The bottom line is that your agent handles the entire lifecycle: setup, execution, and retrieval—all within a single conversation.

1. Subscribe to this MCP and provide your Apify API Token.
2. Use the agent to find or list a specific actor (scraper) you want to use.
3. Tell the agent to trigger the run, providing any necessary inputs. After completion, ask it to retrieve the final structured data from the resulting dataset.

## Frequently Asked Questions

**How do I see what scrapers are available using list_actors?**
You call `list_actors` to get a full roster of every scraper you've set up. This tells you which data sources your agent can access for scraping.

**What is the difference between list_datasets and list_actors?**
This matters: `list_actors` shows the tools (the scrapers) you use to collect data. `list_datasets` shows where the collected results are stored after a scrape completes.

**How can I check if my scraper run actually finished?**
You need to use `list_actor_runs`. This tool gives you the history and status of every job, letting you confirm when it's safe to pull data.

**I want to analyze data from a failed scrape. Do I use get_run_details?**
Yes, `get_run_details` is the right tool. It pulls specific logs and metadata for that run, telling you *why* it failed, which is more useful than just seeing 'failed' in a list.

**Can I reuse scrape settings?**
Totally. Use `list_actor_tasks` to view saved inputs and then pass those task names when calling `run_actor`, saving you from re-entering parameters.

**When I use `get_dataset_results`, how do I filter for specific record types or dates?**
You pass filters directly with your request. You specify criteria—like date ranges or field values—in the query parameters. This keeps your result set clean and focused only on the data you need.

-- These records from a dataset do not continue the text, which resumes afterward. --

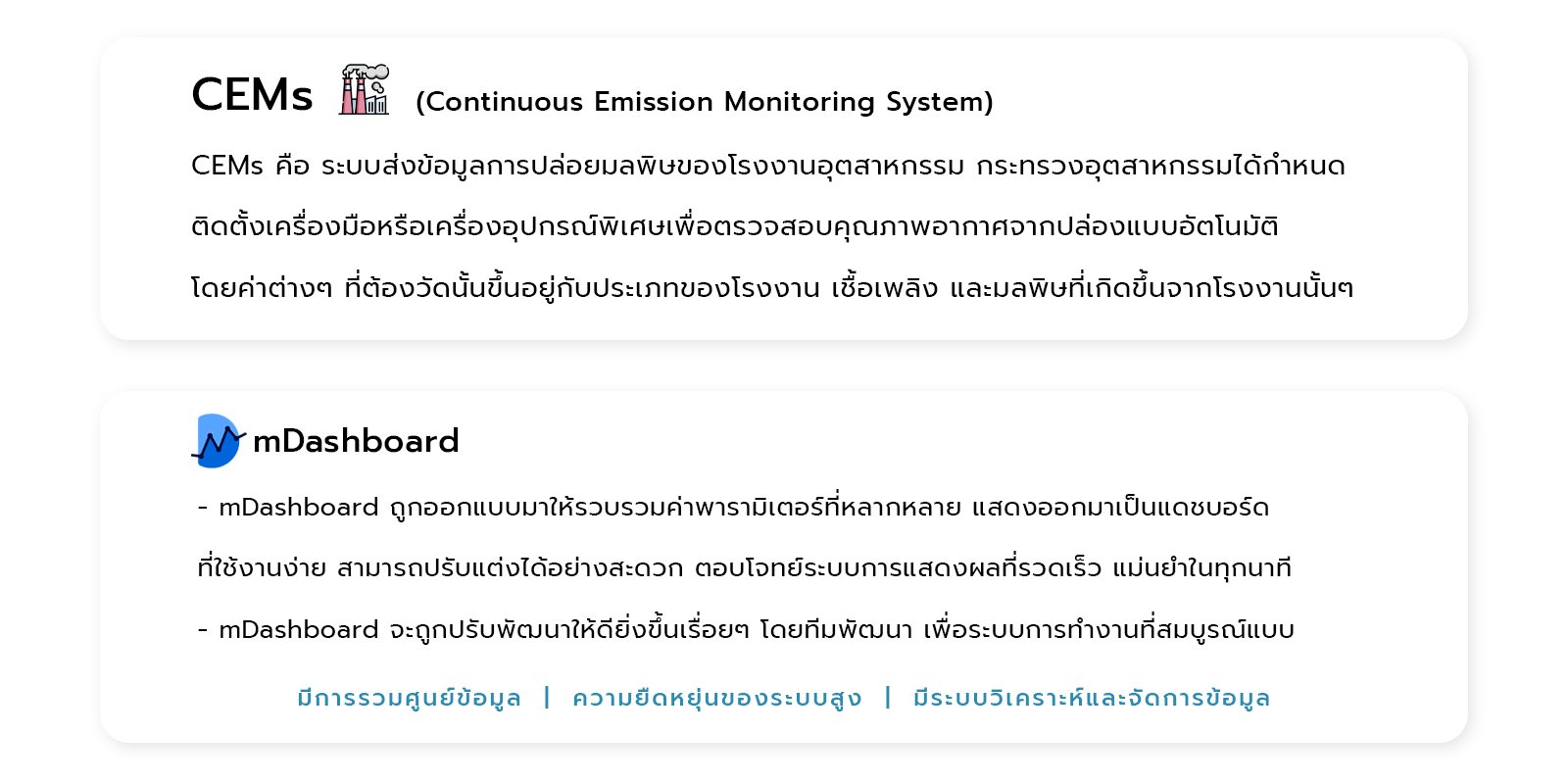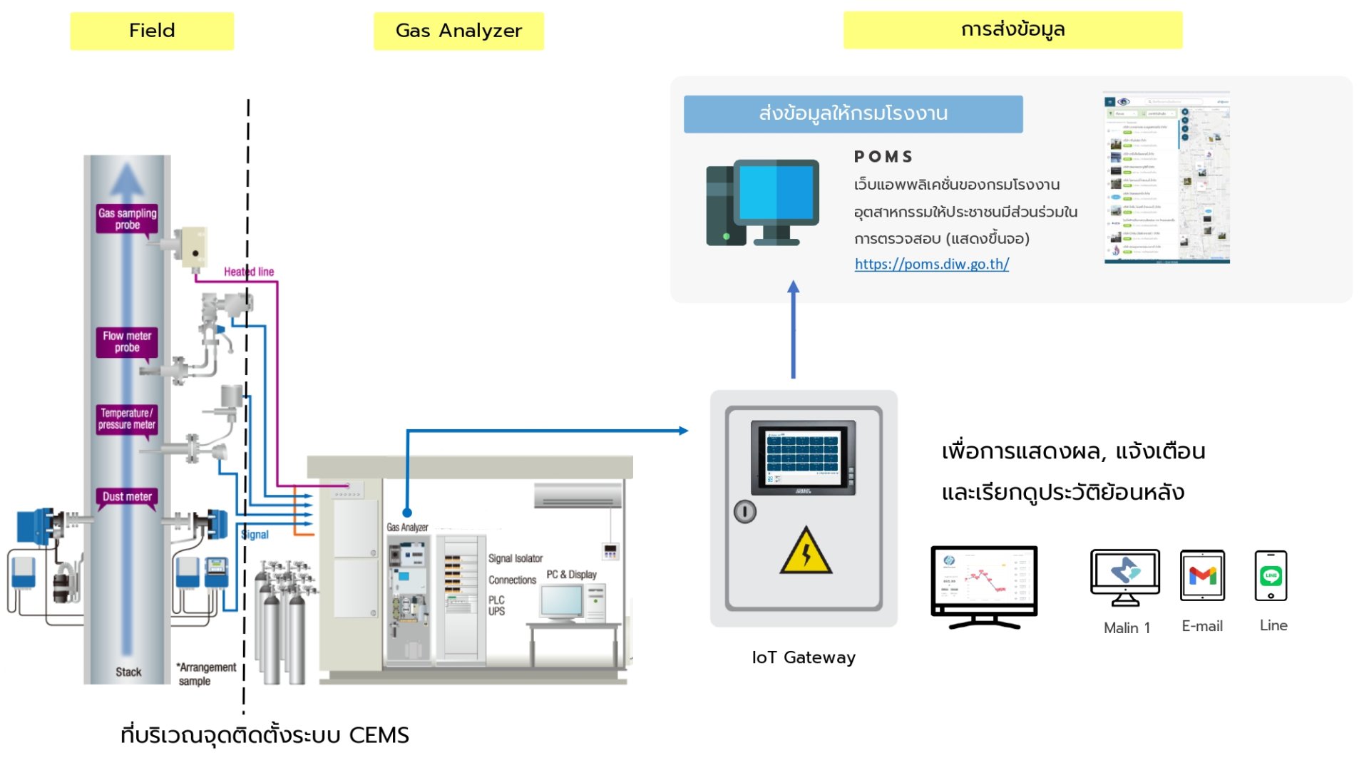 อัตโนมัติอย่างต่อเนื่อง (Continuous Emission Monitoring Systems: CEMS) พ.ศ. 2550 กำหนดให้การประกอบกิจการบางประเภท ต้องดำเนินการติดตั้งเครื่องมือหรือเครื่องอุปกรณ์พิเศษฯ สำหรับตรวจสอบคุณภาพอากาศจากปล่องแบบอัตโนมัติ
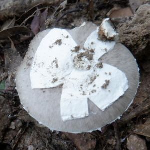 朝活🚶♀️散歩道にて… ハラタケ目テングタケ科 コンテグタケモドキ🍄さん(毒) 傘表面のかすり模様や縁のフリルが特徴の🍄 白色のツバとツボを持つ 色んな形してて面白い😁 割りと好き😳
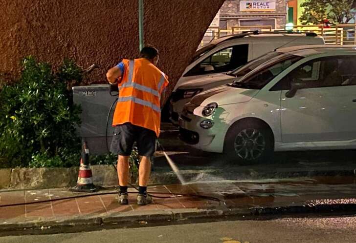 Lavaggio e igienizzazione dei marciapiedi, nel centro di Recco. La pulizia intensiva si protrarrà fino all’autunno.
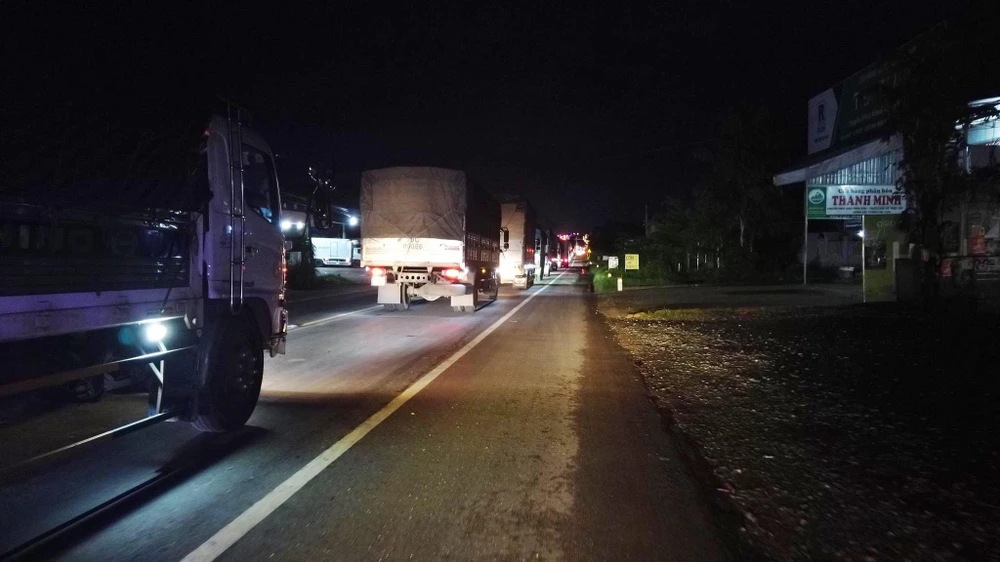Tại hiện trường nhiều thùng nước mắm trên thùng xe tải rơi xuống đường choán hết lòng đường khiến kẹt xe nghiêm trọng dài khoảng 5 km.
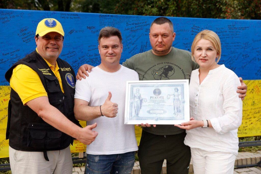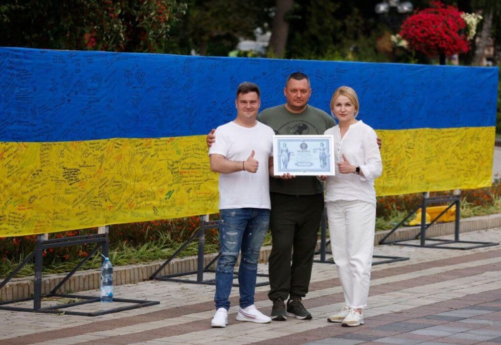 Учасники заходу підняли найдовший прапор України на воді аби залишити це у Книзі Рекордів України. Довжина стяга – 156 метрів.
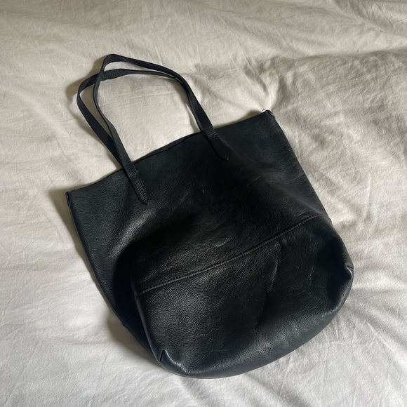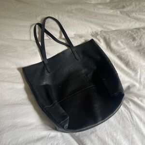 Black leather tote bag, a couple scratches that might be able to be buffed out (pictured), but I was lazy. No huge damages or rips though.
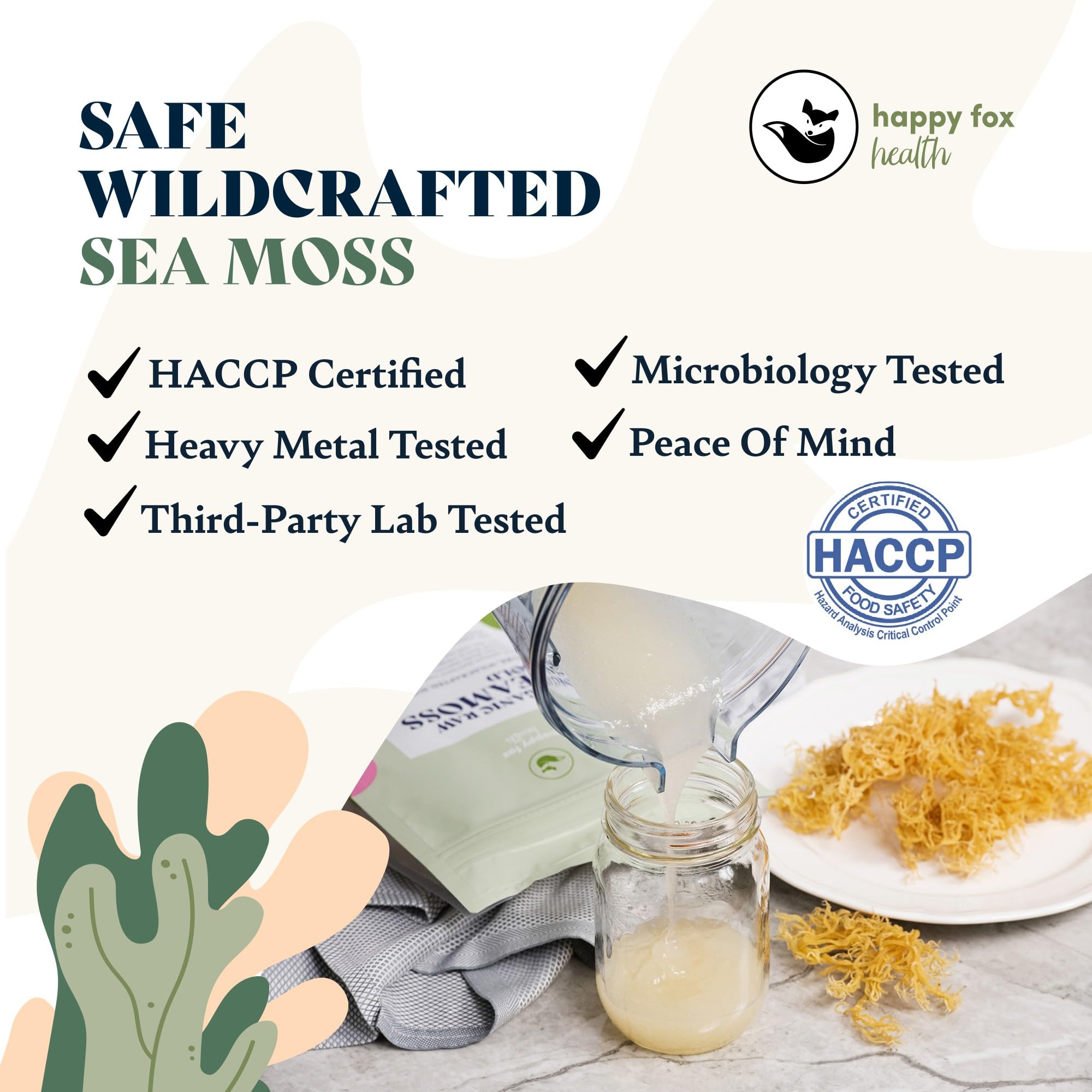 • SAFE WILD SEA MOSS: We only harvest our sea moss from pristine locations and process in HACCAP certified facilities. Our processes always include third-party heavy metal and microbiological testing for your peace of mind and to provide the best for your health.
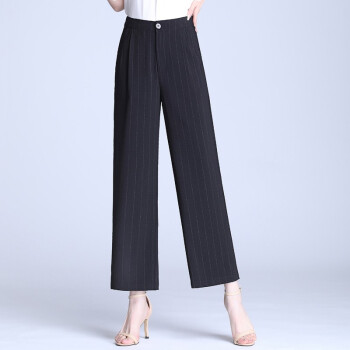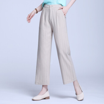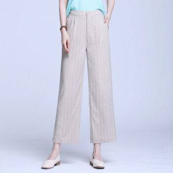 信和祥休闲裤女高腰条纹阔腿裤女春夏季新品韩版弹力垂感加大码直筒裤女士长裤 杏色 3XL【31】 |
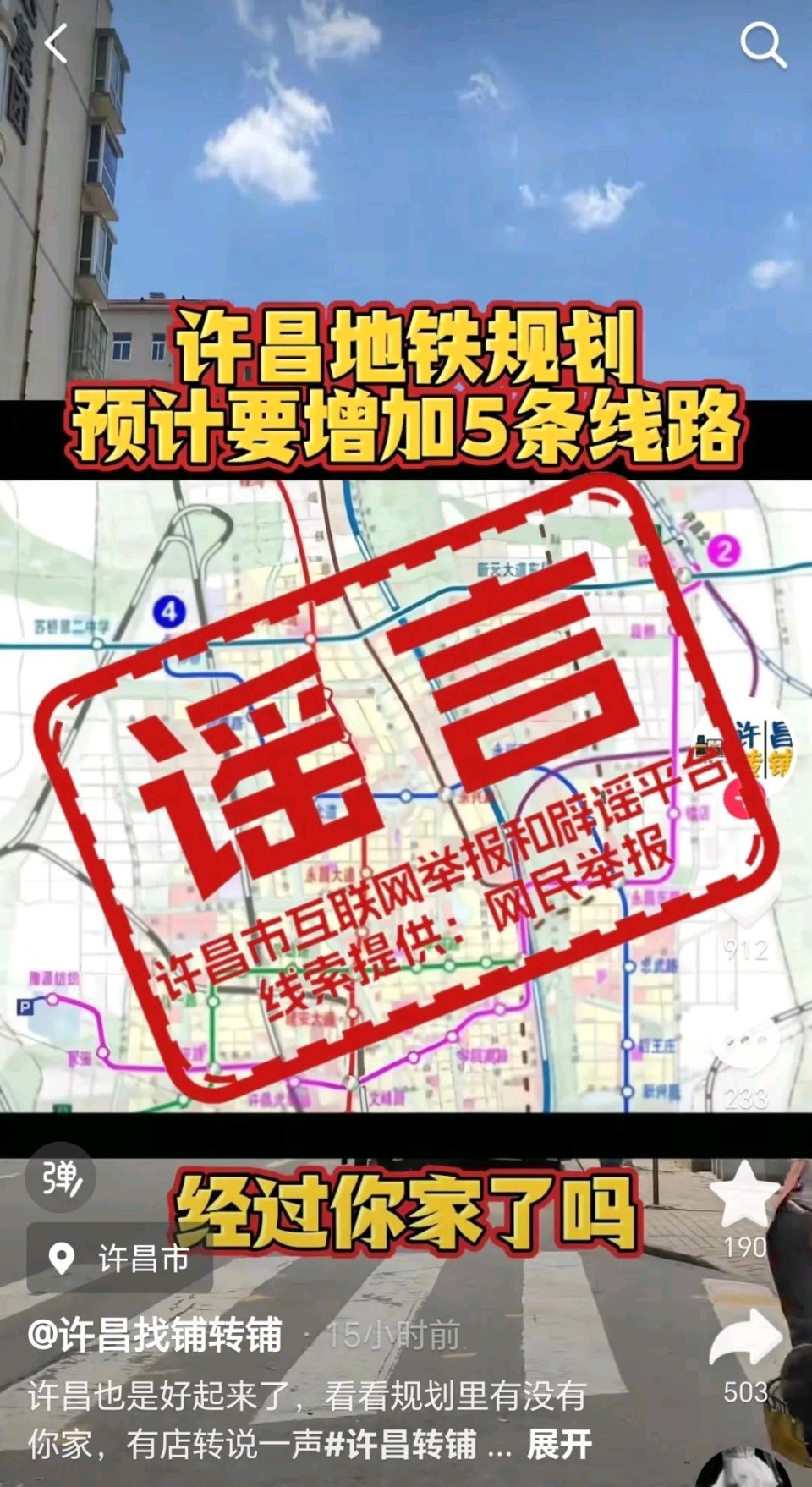 河南许昌:辟谣:“许昌地铁规划预计要增加5条线路”为不实信息

**When I use `run_actor`, what format must my input data be in?**
You must provide inputs as structured JSON objects that match the actor's required schema. Passing simple text usually fails; proper JSON ensures the scraper gets exactly the parameters it needs.

**Can I use `list_actor_runs` to check an actor’s historical performance or reliability?**
Yes, you can query run summaries and status codes. This lets you track average completion time or spot patterns of slow execution across many runs. It's useful for planning capacity.

**Can I provide input parameters when running an actor?**
Yes! Use the `run_actor` tool and provide the optional `input` JSON object to configure specific scraper settings for that run.

**How do I see the items collected in a dataset?**
Run the `get_dataset_results` query with your Dataset ID. The agent will retrieve the data records, which you can then ask the AI to summarize or analyze.

**Is it possible to check the status of a specific actor run?**
Absolutely. Use the `get_run_details` tool and provide the Run ID. Your agent will retrieve the status (RUNNING, SUCCEEDED, FAILED) and metadata for that specific execution.